People say that in February 1983, Karen Carpenter’s death changed the world. What people forget is that she changed the world while she was alive, through her music, through her celebration and love. Anyone can do this and you don’t have to pass a BMI test to qualify.
I can and will change the world, and I don’t have to die to do it. I don’t have to be infamous and cause a stir and a huge nuisance to get noticed. Karen Carpenter did not die for anyone’s sins. She died because her body gave out. It is not the 20th Century anymore and I never was a famous singer and never got noticed.
But I am a writer. Most trained writers desire to be noticed. Writing is catharsis and publishing is empowerment. It is not the kind of power that means control over others but a feeling of self-worth and inner strength. Yes, we can.Attention-seeking is not the horrible sin folks think it is. It means making a statement and being heard. It is a myth that people with anorexia starve for attention. All we want is the same thing everyone else wants: to be loved and wanted and cared for. We do what we do because it is the only way we know. We do this to survive. To turn our backs on life so that we can live. Most of us gave up on having our voices heard long ago.
Sure, you hear me screaming here in my blog. You have sat and watched me for years. Maybe you have come here and read my rants and shaken your head and said, “She will never learn.” Or perhaps you have come here periodically to see if I was finally getting “help,” and then, seeing that I had taken the path toward death yet one more time, you had Xed out my blog, shut down your computer, and gone and watched the soaps and tried to forget about me. But maybe once or twice you freaked and got a little paranoid over my words. You called the cops on me. Hate to inform you, but the cops have a lot of respect for me now. They do not have the time for paranoid people who call them all upset over something they read on the Internet.

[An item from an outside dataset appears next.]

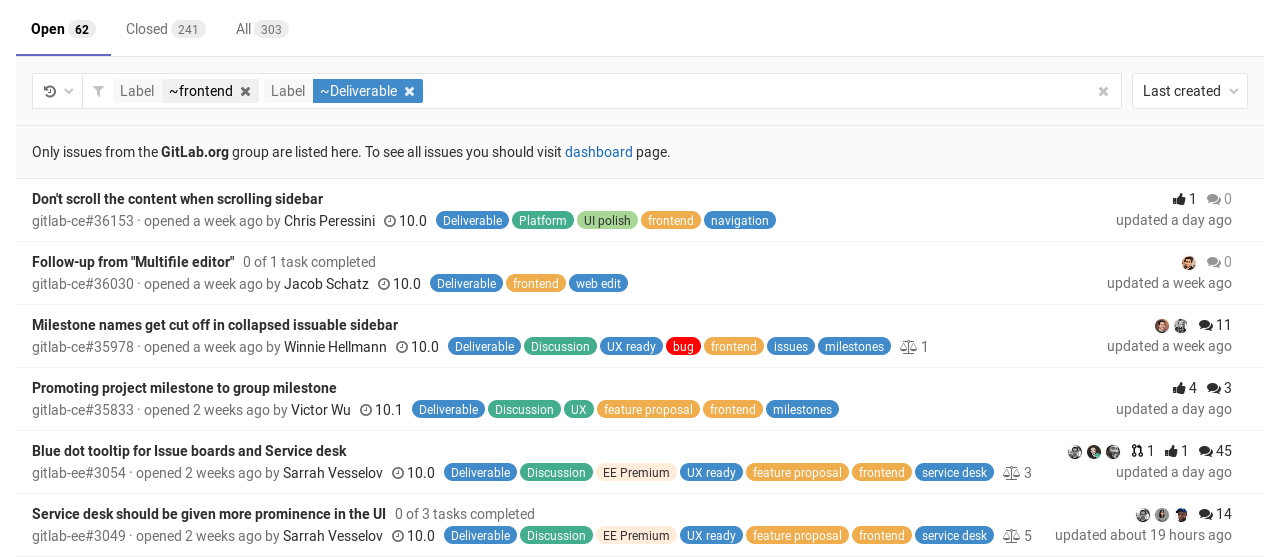 Similar to Issues and merge requests per project, you can also search for issues within a group. Navigate to a group's Issues tab and query search results in the same way as you do for projects.

Like I said, I am coming back. It is my presence, not my absence, that will blow your mind.
Sometime late today at the seminar at Chipmunkapublishing I had the gem of the idea I needed. We had been discussing marketing all day. Not just marketing of our books, but spreading the word: freedom, justice, empowerment, love. I do seek attention. I have always loved reading aloud to others. I was always a ham. And this is not a bad thing. Being a ham is how you get the message across. Be daring. Take a risk. Cross the ocean. I am the bravest person I know.
I am here against all odds in every sense of the term. It is an amazing story that needs to be told. I vowed that I would begin to write that story tonight, and I am, right here, right now.